YOUR TASK → Set down the data below word for word, and leave the images aside.

Top of DATA SUPPLIED

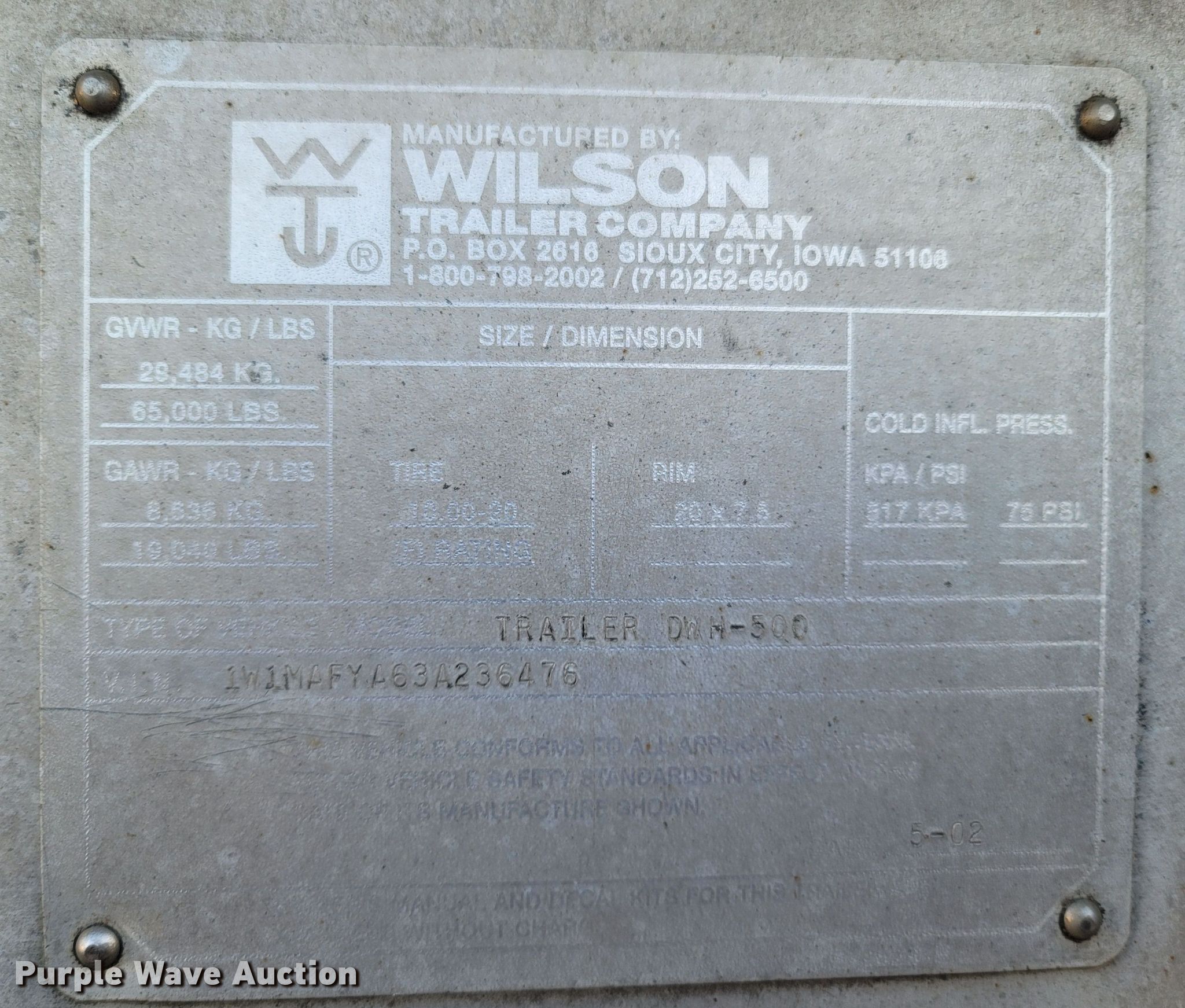 Purple Wave is selling a used Grain or Commodity Trailer in Missouri. This item is a 2003 Wilson DWH-500 grain trailer with the following: VIN: 1W1MAFYA63A236476
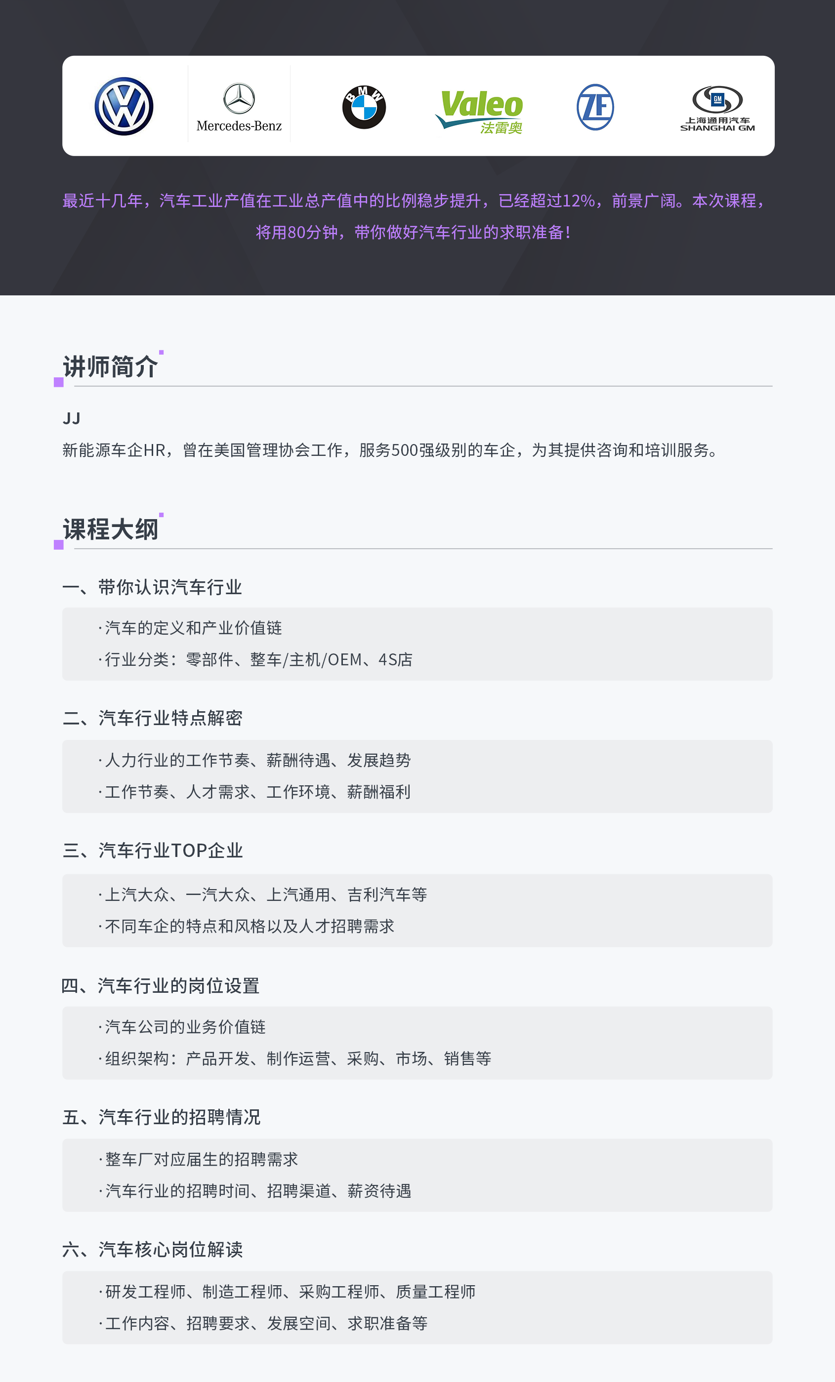 本次课程将用80分钟,带你做好汽车行业的求职准备!
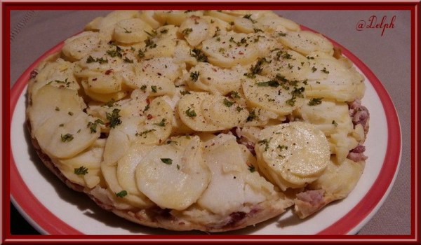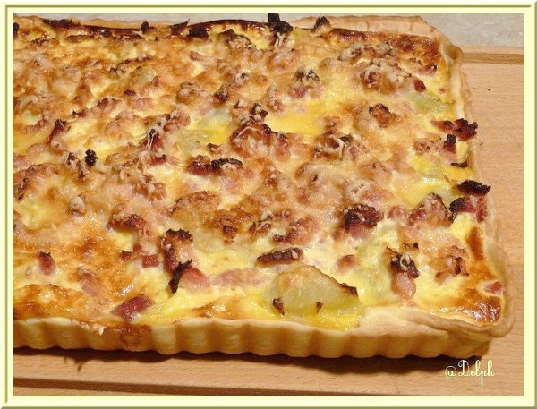 Tarte aux pommes de terre, oignon et lardons fumés
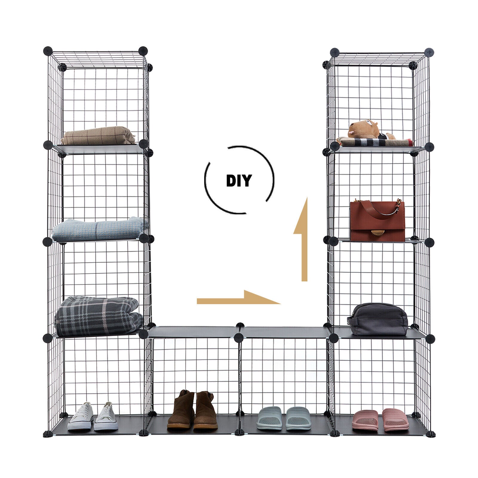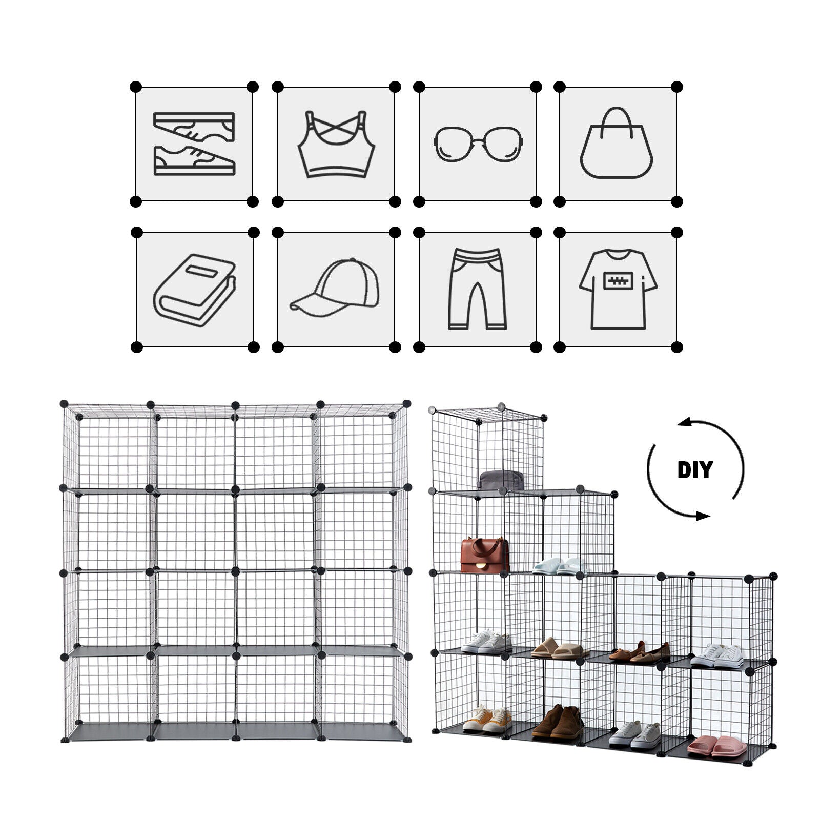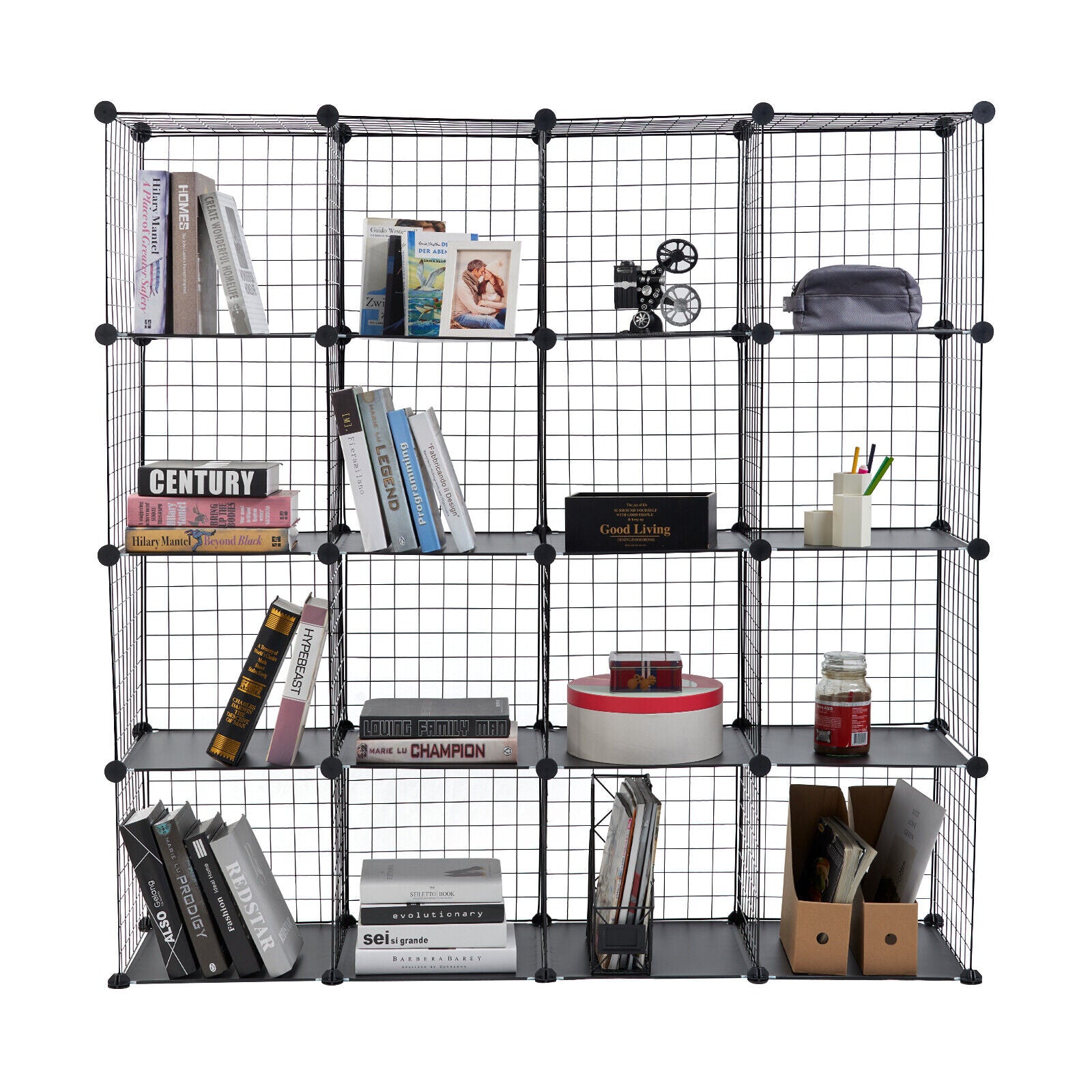 16 Cube Storage Shelves Rack Metal Wire Interlocking Display Stackable Cabinet
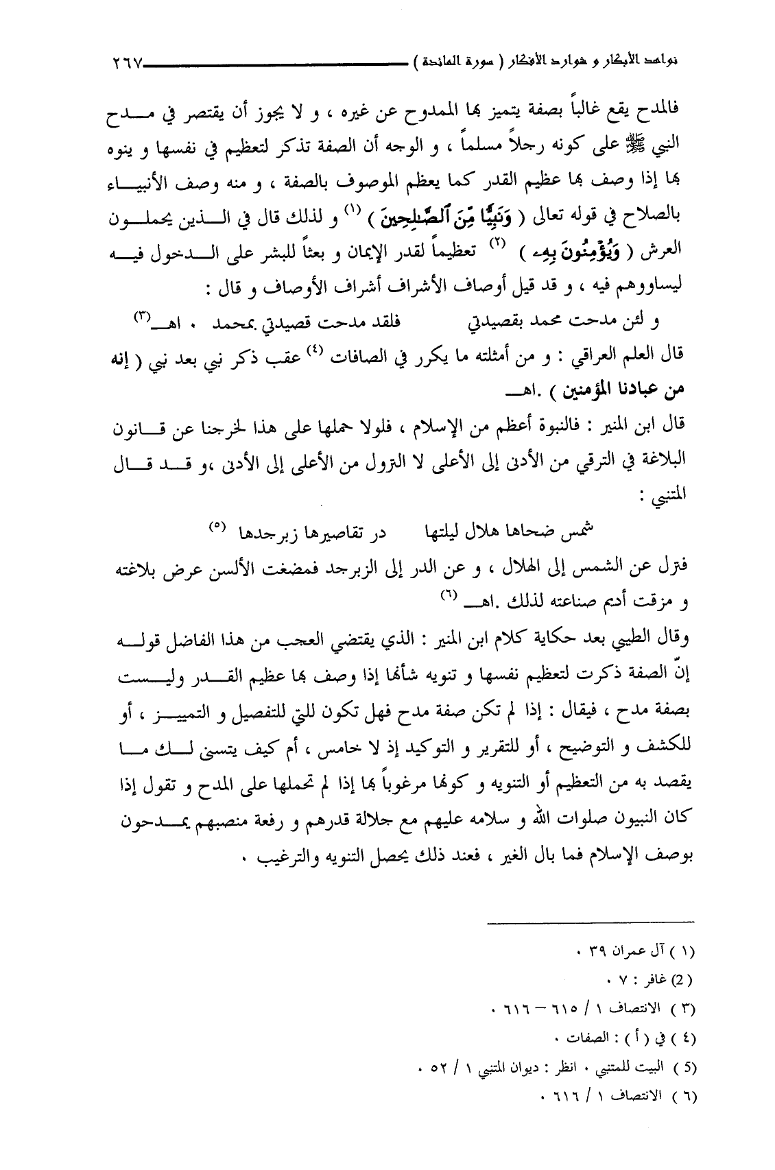 فالمدح يقع غالباً بصفة يتميز بها الممدوح عن غيره، ولا يجوز أن يقتصر في مدح النبي - صلى الله عليه وسلم - على كونه رجلاً مسلماً، والوجه أن الصفة تذكر لتعظيم في نفسها وينوه بها إذا وصف بها عظيم القدر كما يعظم الموصوف بالصفة، ومنه وصف الأنبياء بالصلاح في قوله تعالى (وَنَبِيًّا مِنَ الصَّالِحِينَ) ولذلك قال في الذين يحملون العرش (وُيؤمِنُونَ بِهِ) تعظيماً لقدر الإيمان وبعثاً للبشر على الدخول فيه ليساووهم فيه، وقد قيل أوصاف الأشراف أشراف الأوصاف وقال:
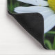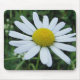 Eine hübsche, grosse, weisse Margeritenblüte mit schön gezeichnetem gelben Blütenzentrum vor weiss gepunktetem grünem Wiesenhintergrund ist auf diesem Mousepad.
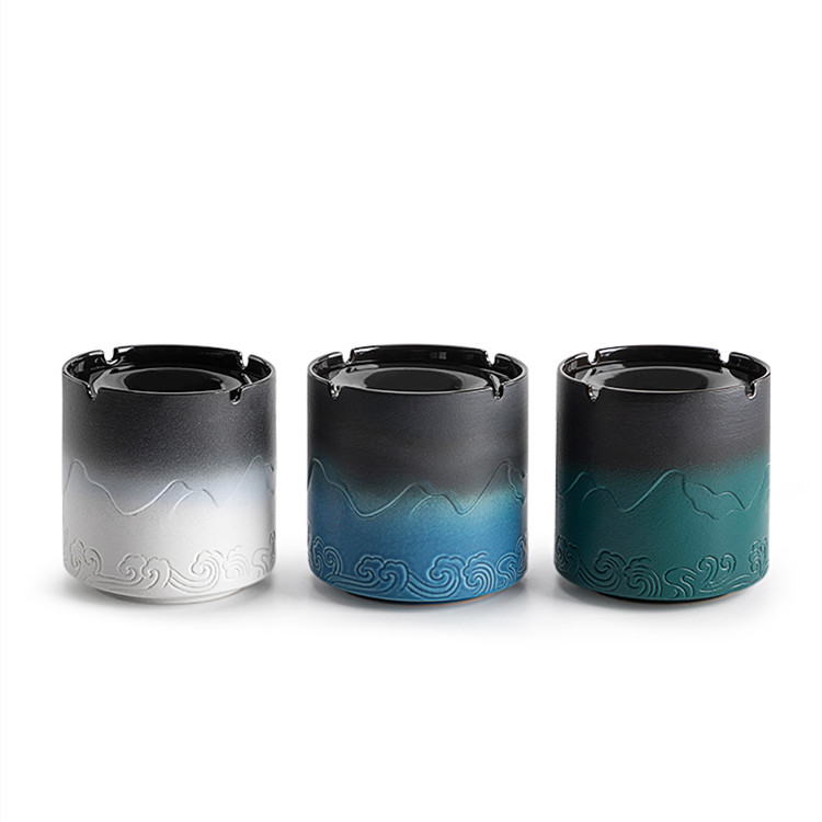 Color: ashtray (white sand glaze), ashtray (navy blue glaze), ashtray (green glaze)

Bottom of DATA SUPPLIED

OUTPUT OF THE EXERCISE →
 Purple Wave is selling a used Grain or Commodity Trailer in Missouri. This item is a 2003 Wilson DWH-500 grain trailer with the following: VIN: 1W1MAFYA63A236476
 本次课程将用80分钟,带你做好汽车行业的求职准备!
 Tarte aux pommes de terre, oignon et lardons fumés
 16 Cube Storage Shelves Rack Metal Wire Interlocking Display Stackable Cabinet
 فالمدح يقع غالباً بصفة يتميز بها الممدوح عن غيره، ولا يجوز أن يقتصر في مدح النبي - صلى الله عليه وسلم - على كونه رجلاً مسلماً، والوجه أن الصفة تذكر لتعظيم في نفسها وينوه بها إذا وصف بها عظيم القدر كما يعظم الموصوف بالصفة، ومنه وصف الأنبياء بالصلاح في قوله تعالى (وَنَبِيًّا مِنَ الصَّالِحِينَ) ولذلك قال في الذين يحملون العرش (وُيؤمِنُونَ بِهِ) تعظيماً لقدر الإيمان وبعثاً للبشر على الدخول فيه ليساووهم فيه، وقد قيل أوصاف الأشراف أشراف الأوصاف وقال:
 Eine hübsche, grosse, weisse Margeritenblüte mit schön gezeichnetem gelben Blütenzentrum vor weiss gepunktetem grünem Wiesenhintergrund ist auf diesem Mousepad.
 Color: ashtray (white sand glaze), ashtray (navy blue glaze), ashtray (green glaze)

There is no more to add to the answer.